Myeloma group

The key question in our research through the years has been and still is to identify why some patients with Multiple Myeloma (MM) a quiet disease with good long-term survival have, while others have a more aggressive disease that does not respond to treatment and have a very dismal survival.

About our research

Our hypothesis is that correct combination of available treatment modalities and addition of new therapies will improve results and perhaps cure a fraction of patients. We also investigate new treatment methods that can have effect where ordinary therapy fails, try to understand the mechanisms of action and identify the group of patients who would benefit most from the drug or treatment method. The plasma cell diseases group have interest in identifying prognostic parameters, chromosomal aberrations/genes on specific chromosomes as well as perform a genomewide analysis of disease associations and reducing side effects of immune-therapy.
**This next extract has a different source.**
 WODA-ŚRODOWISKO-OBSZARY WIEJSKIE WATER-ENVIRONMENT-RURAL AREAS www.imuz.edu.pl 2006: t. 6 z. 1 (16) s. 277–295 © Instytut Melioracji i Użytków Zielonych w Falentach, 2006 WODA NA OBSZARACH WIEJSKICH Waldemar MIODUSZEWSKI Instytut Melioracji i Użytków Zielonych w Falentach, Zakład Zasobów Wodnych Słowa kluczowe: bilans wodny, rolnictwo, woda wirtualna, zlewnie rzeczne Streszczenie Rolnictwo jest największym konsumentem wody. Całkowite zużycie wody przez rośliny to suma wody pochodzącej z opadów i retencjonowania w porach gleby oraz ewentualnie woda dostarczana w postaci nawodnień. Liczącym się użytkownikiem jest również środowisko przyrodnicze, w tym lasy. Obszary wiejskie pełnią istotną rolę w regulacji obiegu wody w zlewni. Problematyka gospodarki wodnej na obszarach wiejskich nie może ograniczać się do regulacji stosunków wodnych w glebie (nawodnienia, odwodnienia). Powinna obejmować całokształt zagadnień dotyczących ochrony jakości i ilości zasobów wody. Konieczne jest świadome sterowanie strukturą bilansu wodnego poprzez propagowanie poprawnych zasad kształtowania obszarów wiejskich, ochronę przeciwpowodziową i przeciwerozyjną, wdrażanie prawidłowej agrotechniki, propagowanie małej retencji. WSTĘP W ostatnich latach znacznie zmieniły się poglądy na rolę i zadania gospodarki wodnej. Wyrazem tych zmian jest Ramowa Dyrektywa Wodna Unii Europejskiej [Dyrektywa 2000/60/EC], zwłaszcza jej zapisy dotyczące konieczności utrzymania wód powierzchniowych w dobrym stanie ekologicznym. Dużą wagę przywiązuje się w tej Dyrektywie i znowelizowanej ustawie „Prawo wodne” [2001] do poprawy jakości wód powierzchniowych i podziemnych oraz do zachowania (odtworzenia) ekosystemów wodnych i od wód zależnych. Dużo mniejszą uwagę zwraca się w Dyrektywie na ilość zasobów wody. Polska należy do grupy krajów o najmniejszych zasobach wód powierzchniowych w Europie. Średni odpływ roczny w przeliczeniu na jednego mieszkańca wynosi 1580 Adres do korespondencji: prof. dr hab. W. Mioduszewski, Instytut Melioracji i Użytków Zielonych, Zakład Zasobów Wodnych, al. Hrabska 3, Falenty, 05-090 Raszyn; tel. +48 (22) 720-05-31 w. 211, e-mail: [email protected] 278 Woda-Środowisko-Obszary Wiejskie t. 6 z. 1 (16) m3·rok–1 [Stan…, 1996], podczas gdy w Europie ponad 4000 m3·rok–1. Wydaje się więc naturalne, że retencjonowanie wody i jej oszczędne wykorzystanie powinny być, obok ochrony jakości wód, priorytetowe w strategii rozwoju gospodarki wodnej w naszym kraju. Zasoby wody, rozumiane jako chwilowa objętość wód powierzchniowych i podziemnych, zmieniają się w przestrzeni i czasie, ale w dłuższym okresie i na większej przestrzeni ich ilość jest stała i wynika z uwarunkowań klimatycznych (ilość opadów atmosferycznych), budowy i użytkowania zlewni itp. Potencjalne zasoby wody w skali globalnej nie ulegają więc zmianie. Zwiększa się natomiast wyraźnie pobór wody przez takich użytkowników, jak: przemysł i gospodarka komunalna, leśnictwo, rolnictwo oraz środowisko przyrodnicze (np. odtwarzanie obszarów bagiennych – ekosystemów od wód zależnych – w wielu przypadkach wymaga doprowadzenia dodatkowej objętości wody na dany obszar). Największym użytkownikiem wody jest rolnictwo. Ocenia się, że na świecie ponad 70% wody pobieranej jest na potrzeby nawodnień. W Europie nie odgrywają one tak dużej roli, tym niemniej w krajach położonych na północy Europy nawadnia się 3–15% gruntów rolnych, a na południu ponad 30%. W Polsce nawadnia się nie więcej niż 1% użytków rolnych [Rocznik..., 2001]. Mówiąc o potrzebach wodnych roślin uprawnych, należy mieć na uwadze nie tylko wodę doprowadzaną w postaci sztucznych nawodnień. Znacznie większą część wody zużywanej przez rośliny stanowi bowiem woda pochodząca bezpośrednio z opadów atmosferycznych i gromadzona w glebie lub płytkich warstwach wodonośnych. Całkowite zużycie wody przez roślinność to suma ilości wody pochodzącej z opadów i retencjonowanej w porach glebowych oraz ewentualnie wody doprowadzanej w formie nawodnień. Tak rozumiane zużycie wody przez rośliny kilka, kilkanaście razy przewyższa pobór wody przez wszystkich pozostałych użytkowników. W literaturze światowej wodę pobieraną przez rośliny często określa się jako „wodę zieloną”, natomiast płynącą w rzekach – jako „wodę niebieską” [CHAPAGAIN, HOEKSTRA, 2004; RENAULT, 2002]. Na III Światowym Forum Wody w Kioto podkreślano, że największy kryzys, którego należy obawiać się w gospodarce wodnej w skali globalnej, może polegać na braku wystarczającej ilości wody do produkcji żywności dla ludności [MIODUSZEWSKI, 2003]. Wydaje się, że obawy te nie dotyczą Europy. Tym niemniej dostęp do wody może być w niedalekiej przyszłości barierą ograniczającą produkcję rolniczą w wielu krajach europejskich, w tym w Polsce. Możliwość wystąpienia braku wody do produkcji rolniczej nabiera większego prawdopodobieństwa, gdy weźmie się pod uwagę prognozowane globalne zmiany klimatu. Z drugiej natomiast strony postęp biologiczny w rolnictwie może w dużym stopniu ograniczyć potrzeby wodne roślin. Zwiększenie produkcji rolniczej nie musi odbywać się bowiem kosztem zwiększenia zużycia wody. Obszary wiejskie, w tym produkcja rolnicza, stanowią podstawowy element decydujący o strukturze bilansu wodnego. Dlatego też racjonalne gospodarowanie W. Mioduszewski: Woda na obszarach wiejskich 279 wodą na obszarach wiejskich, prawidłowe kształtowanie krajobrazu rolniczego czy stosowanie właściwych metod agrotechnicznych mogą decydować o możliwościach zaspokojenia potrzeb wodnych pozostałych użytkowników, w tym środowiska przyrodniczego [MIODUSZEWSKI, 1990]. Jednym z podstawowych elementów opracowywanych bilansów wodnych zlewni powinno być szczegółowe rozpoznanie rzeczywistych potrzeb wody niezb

Our group is divided in four main teams:

A)The team at the clinical: Real word data analysis of prognostic parameters related to specific therapies in patients with MM and differences in outcome.

B)The immune-therapy lab: Improvement of current-generation tumor-targeting strategies to enhance efficacy and reduce adverse events in NK and CAR-T cell-mediated therapies in multiple myeloma, conducting immunotherapy trials, in collaboration with Evren Alici.

C)The molecular biology lab: To understand the genetic characterization of MM at the diagnosis and to identify genes of importance in the progressive disease over time.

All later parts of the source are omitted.